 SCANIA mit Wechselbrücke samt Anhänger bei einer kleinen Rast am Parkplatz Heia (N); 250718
□ □ □ □ □
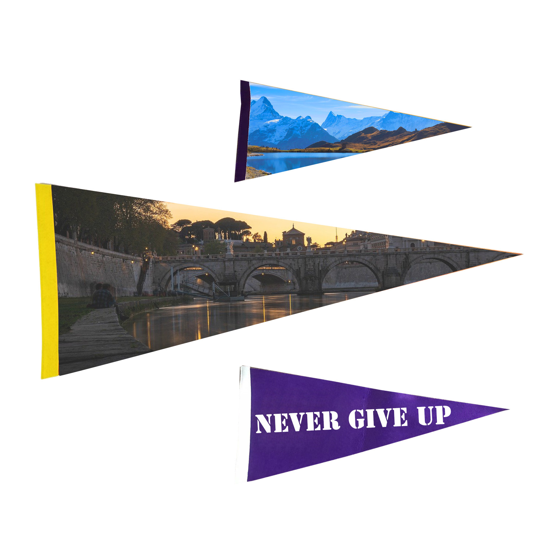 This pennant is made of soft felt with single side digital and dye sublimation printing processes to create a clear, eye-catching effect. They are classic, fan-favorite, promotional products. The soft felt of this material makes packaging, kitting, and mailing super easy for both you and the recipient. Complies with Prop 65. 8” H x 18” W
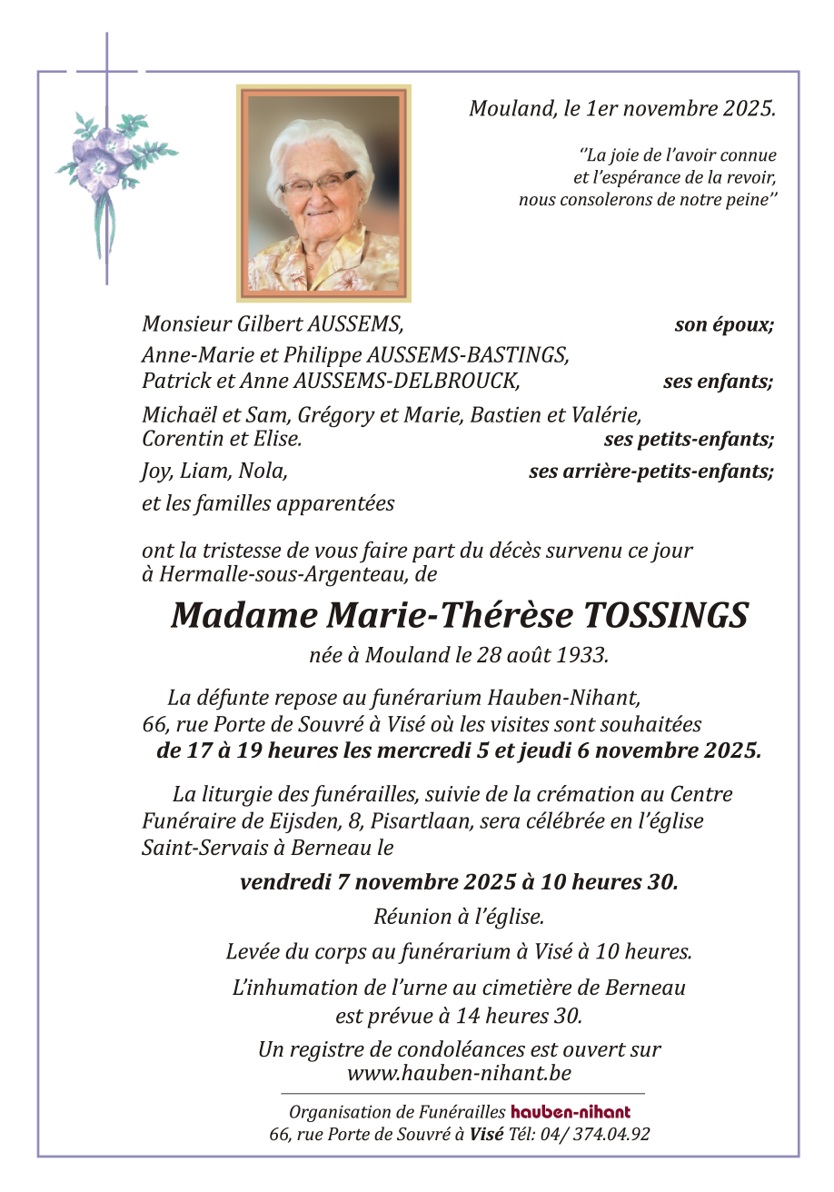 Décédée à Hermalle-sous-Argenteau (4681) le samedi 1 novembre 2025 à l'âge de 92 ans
□ □ □ □ □
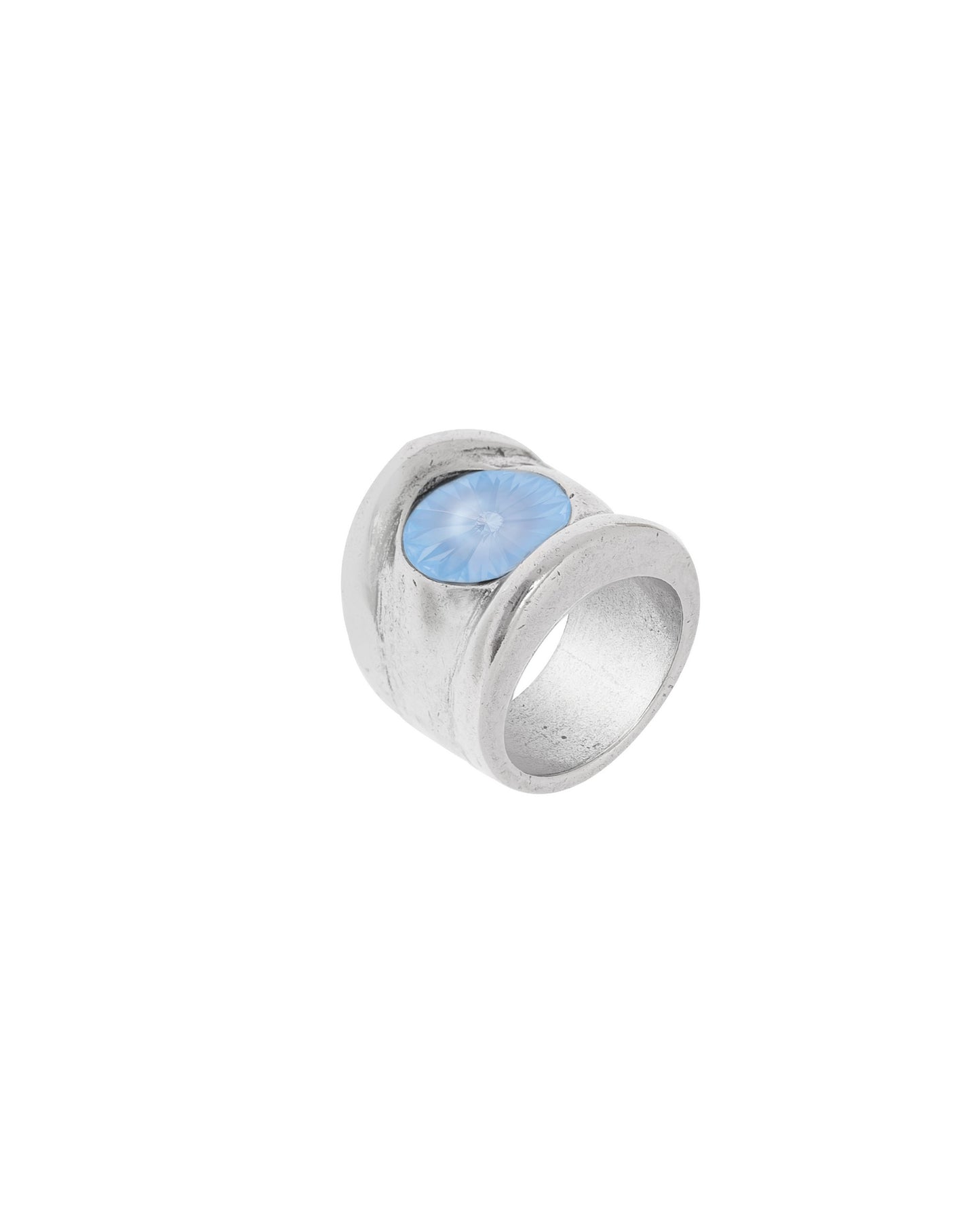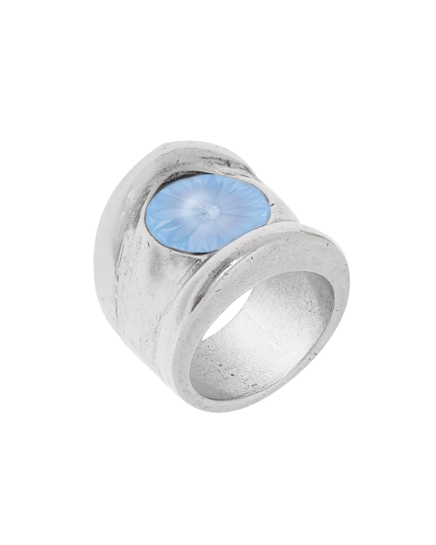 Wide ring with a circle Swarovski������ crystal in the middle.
□ □ □ □ □
#### WHAT THE TASK REQUIRES:
Having found the line with "This pennant is" and the line with "Décédée à Hermalle-sous-Argenteau (4681)" in the material above, write out exactly those two and every line between, leaving the pictures out.

#### WRITTEN RESPONSE:
 This pennant is made of soft felt with single side digital and dye sublimation printing processes to create a clear, eye-catching effect. They are classic, fan-favorite, promotional products. The soft felt of this material makes packaging, kitting, and mailing super easy for both you and the recipient. Complies with Prop 65. 8” H x 18” W
 Décédée à Hermalle-sous-Argenteau (4681) le samedi 1 novembre 2025 à l'âge de 92 ans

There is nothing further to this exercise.